### Dataset

══════

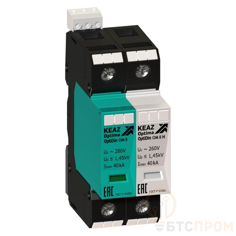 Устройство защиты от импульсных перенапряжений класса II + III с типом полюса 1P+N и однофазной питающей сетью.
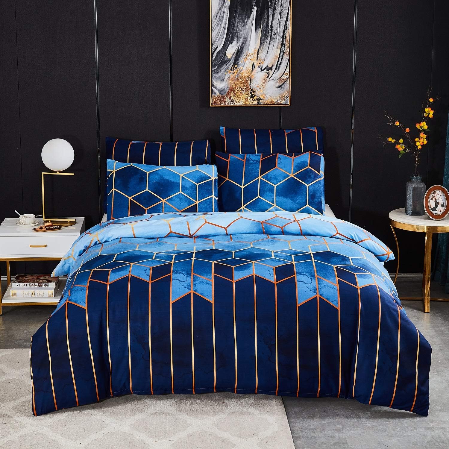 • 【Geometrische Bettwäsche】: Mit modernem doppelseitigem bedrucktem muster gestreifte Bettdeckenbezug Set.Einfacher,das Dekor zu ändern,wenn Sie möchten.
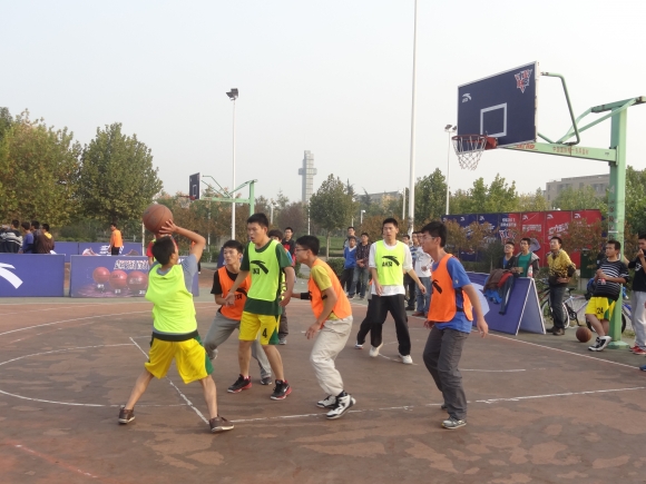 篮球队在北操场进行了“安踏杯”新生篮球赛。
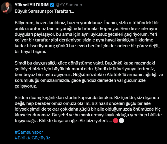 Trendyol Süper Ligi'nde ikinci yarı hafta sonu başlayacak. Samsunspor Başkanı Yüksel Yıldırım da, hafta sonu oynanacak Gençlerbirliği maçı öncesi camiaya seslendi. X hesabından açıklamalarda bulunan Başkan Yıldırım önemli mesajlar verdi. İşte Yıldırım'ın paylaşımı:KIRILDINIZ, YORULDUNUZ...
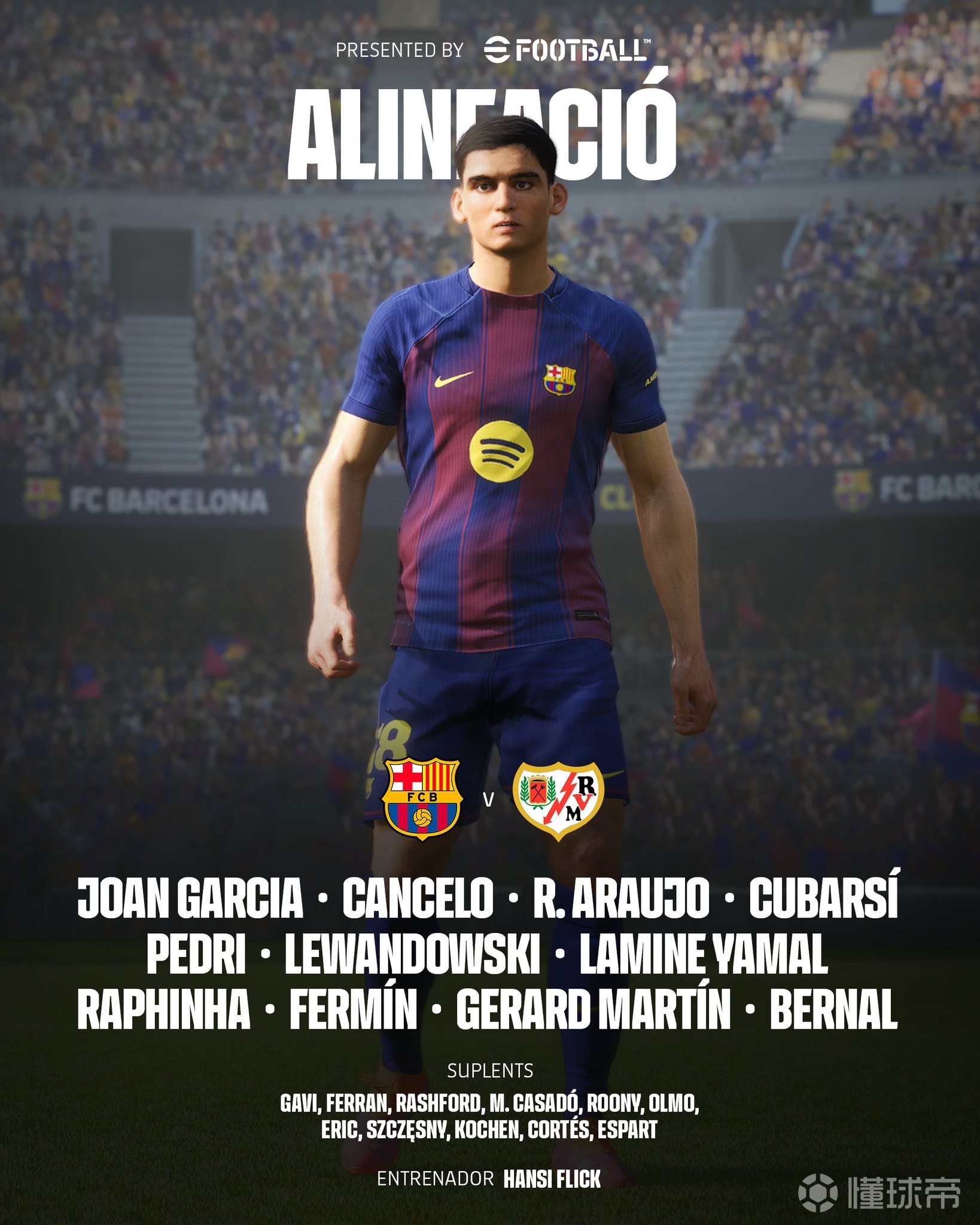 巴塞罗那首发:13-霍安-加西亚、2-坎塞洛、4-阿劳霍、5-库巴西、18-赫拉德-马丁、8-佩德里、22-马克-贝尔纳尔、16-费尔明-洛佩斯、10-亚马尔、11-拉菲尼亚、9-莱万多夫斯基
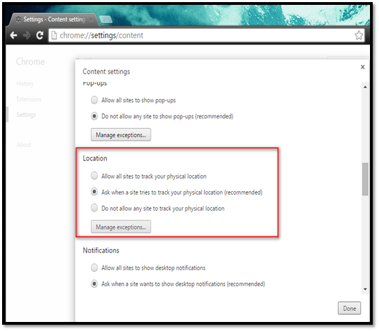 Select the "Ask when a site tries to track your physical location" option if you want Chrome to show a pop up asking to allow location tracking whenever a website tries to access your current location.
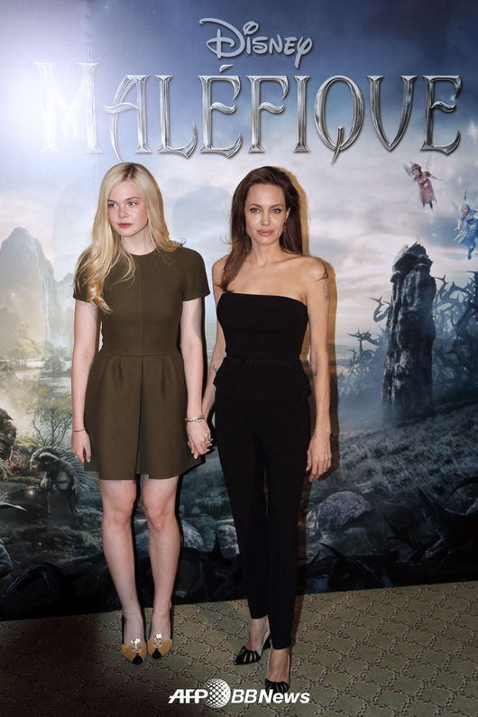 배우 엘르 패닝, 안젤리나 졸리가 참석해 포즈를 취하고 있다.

══════

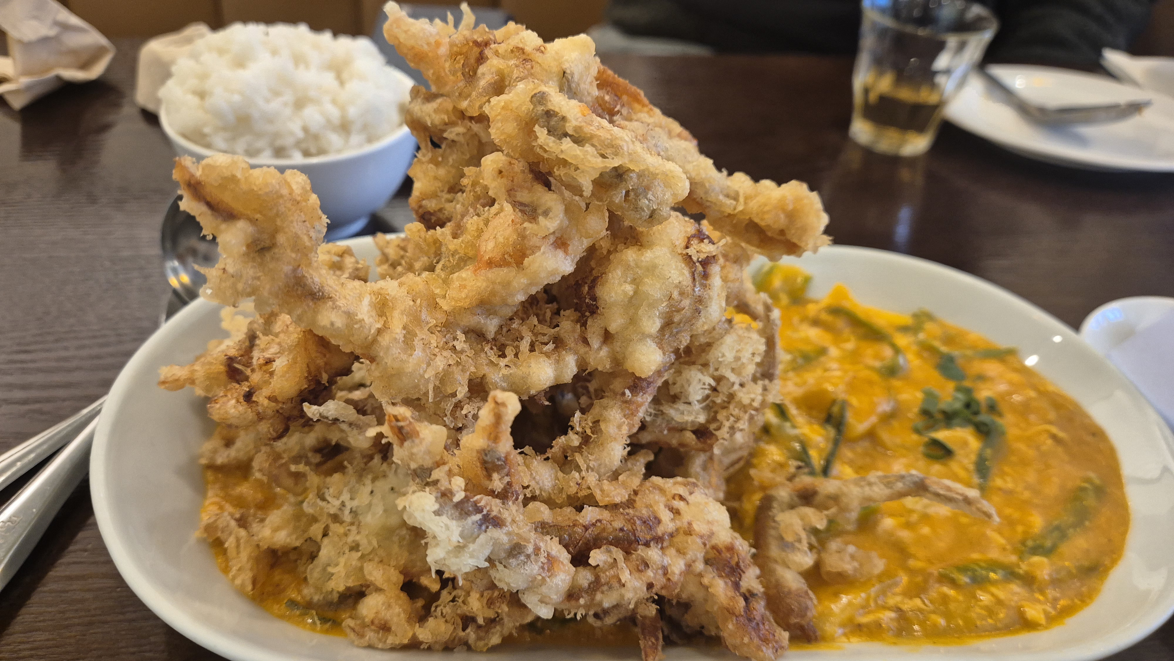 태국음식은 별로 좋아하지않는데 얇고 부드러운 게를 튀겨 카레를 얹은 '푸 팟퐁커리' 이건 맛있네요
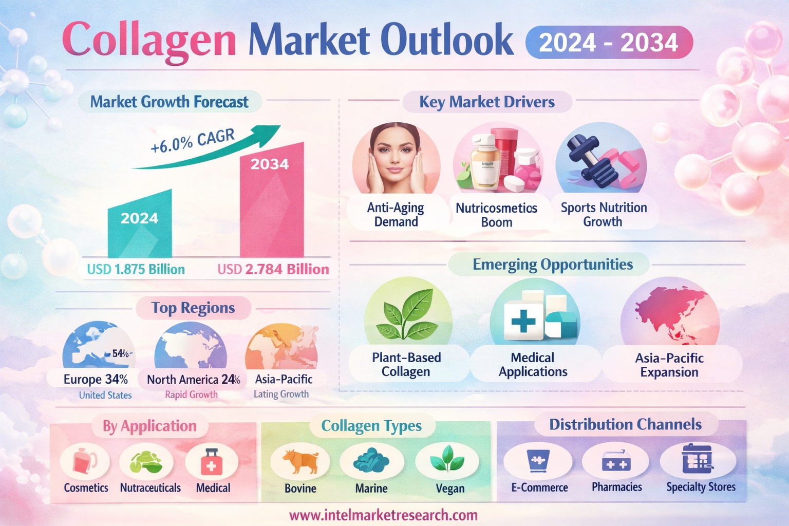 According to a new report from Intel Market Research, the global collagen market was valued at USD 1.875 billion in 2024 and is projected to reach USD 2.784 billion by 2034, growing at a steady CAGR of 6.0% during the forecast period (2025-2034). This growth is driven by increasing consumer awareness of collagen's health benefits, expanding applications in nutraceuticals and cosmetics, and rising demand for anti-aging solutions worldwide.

══════

### What to produce
An exact transcription is needed of the lines from the one with "Устройство защиты от" to the one with "배우 엘르 패닝, 안젤리나 졸리가 참석해 포즈를 취하고 있다." above, both ends included, with pictures left out.

### Exercise response
 Устройство защиты от импульсных перенапряжений класса II + III с типом полюса 1P+N и однофазной питающей сетью.
 • 【Geometrische Bettwäsche】: Mit modernem doppelseitigem bedrucktem muster gestreifte Bettdeckenbezug Set.Einfacher,das Dekor zu ändern,wenn Sie möchten.
 篮球队在北操场进行了“安踏杯”新生篮球赛。
 Trendyol Süper Ligi'nde ikinci yarı hafta sonu başlayacak. Samsunspor Başkanı Yüksel Yıldırım da, hafta sonu oynanacak Gençlerbirliği maçı öncesi camiaya seslendi. X hesabından açıklamalarda bulunan Başkan Yıldırım önemli mesajlar verdi. İşte Yıldırım'ın paylaşımı:KIRILDINIZ, YORULDUNUZ...
 巴塞罗那首发:13-霍安-加西亚、2-坎塞洛、4-阿劳霍、5-库巴西、18-赫拉德-马丁、8-佩德里、22-马克-贝尔纳尔、16-费尔明-洛佩斯、10-亚马尔、11-拉菲尼亚、9-莱万多夫斯基
 Select the "Ask when a site tries to track your physical location" option if you want Chrome to show a pop up asking to allow location tracking whenever a website tries to access your current location.
 배우 엘르 패닝, 안젤리나 졸리가 참석해 포즈를 취하고 있다.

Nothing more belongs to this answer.